A cloudy view? David L. Williams. April 2013. Quote: "What is happening in the cornea of this Cavalier King Charles Spaniel? This dog has a crystalline stromal lipid dystrophy – an inherited defect in how the keratocytes – the corneal cells - deal with lipid, leading to a deposition of lipid crystals in the centre of the cornea. It looks identical to Schnyder’s dystrophy in people as shown below, but whether the same gene mutation is present is currently unknown. In people this makes reading and driving at night difficult, but in the dog the lesion doesn’t interfere with vision (as they rarely read or drive at night!) and the lipid deposit is unlikely to develop markedly."
Cultivation of corneal epithelial cell sheets on canine amniotic membrane. Eunryel Nam, Ayaka Takahashi, Naoki Fujita, Keiko Tsuzuki, Ryohei Nishimura. Vet.Ophthalmology. July 2013;16(4):263-268. Quote: "Objective: To develop and assess canine corneal epithelial cell sheets cultivated from limbal stem cells on amniotic membrane. Procedures: Canine corneal limbal segments were obtained from six beagle dogs. Cryopreserved denuded amniotic membranes (obtained from Miniature Dachshund and Cavalier King Charles Spaniel breeds) from which the epithelial cells were removed were used as scaffolds. The limbal segments were cultured on these amniotic membranes with 3T3 feeder cells for 2 weeks. The harvested corneal epithelial cell sheets were stained with H&E for histologic analysis. The harvested sheets were analyzed immunohistochemically using a corneal epithelium-specific marker keratin 3(K3) and putative stem cell markers ABCG2, p63, and vimentin. Results: Cultivated cells from the corneal limbal tissues reached confluency in 7–8 days. The cultivated cells adhered to the denuded amniotic membrane and formed a sheet. The cultivated cell sheet was transparent and consisted of five to eight layers. K3 was observed in all layers and ABCG2, p63, and vimentin were notably present in the basal layer of the cultivated canine epithelium by immunofluorescence. Conclusions: Canine corneal epithelial cells were successfully cultivated on the canine amniotic membrane. The cultivated epithelial sheets contained putative stem cells in the basal layer and had a stratified epithelium."
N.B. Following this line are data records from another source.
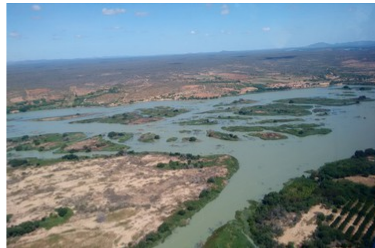
Ponto 4.2 - 08°32'37,7"S / 39°20'26,4"W
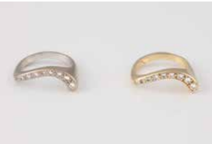
79 | ZWEI DIAMANT-RINGE Gelbgold, Weißgold (Gelbgold durchscheinend). Ringmaß ca. 52,5, Ges.-Gew. ca. 11,3 g. Beide gest. 585, Herstellerzeichen, Carat- und Reinheitsangabe der Diamanten gemarkt. Jeweils neun Brillanten, jeweils ca. 0,225 ct., SI. € 420,-
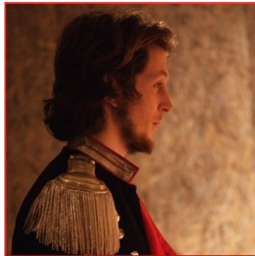
- Spettacolo teatrale Hamlet – affirmations – La Faiencerie theatre de Creil – Parigi
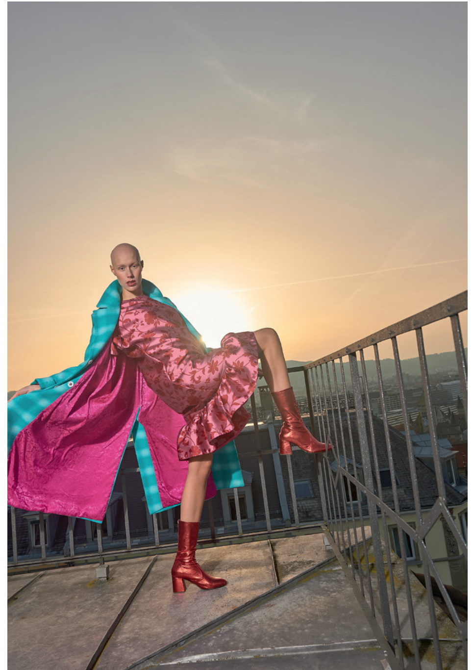
KARIERTER MANTEL IN HELLBLAU KLEID MIT BLUMENDESIGN IN ROSA UND PINK
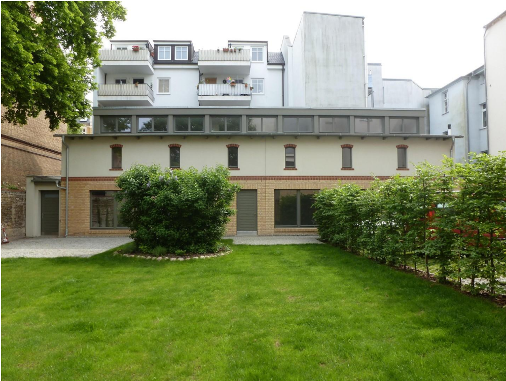
Blick von Grundstücksgrenze

The genetics of eye disorders in the dog. Cathryn S. Mellersh. Canine Genetics & Epidemiology. April 2014. Quote: "Inherited forms of eye disease are arguably the best described and best characterized of all inherited diseases in the dog, at both the clinical and molecular level and at the time of writing 29 different mutations have been documented in the scientific literature that are associated with an inherited ocular disorder in the dog. The dog has already played an important role in the identification of genes that are important for ocular development and function as well as emerging therapies for inherited blindness in humans. Similarities in disease phenotype and eye structure and function between dog and man, together with the increasingly sophisticated genetic tools that are available for the dog, mean that the dog is likely to play an ever increasing role in both our understanding of the normal functioning of the eye and in our ability to treat inherited eye disorders. This review summarises the mutations that have been associated with inherited eye disorders in the dog."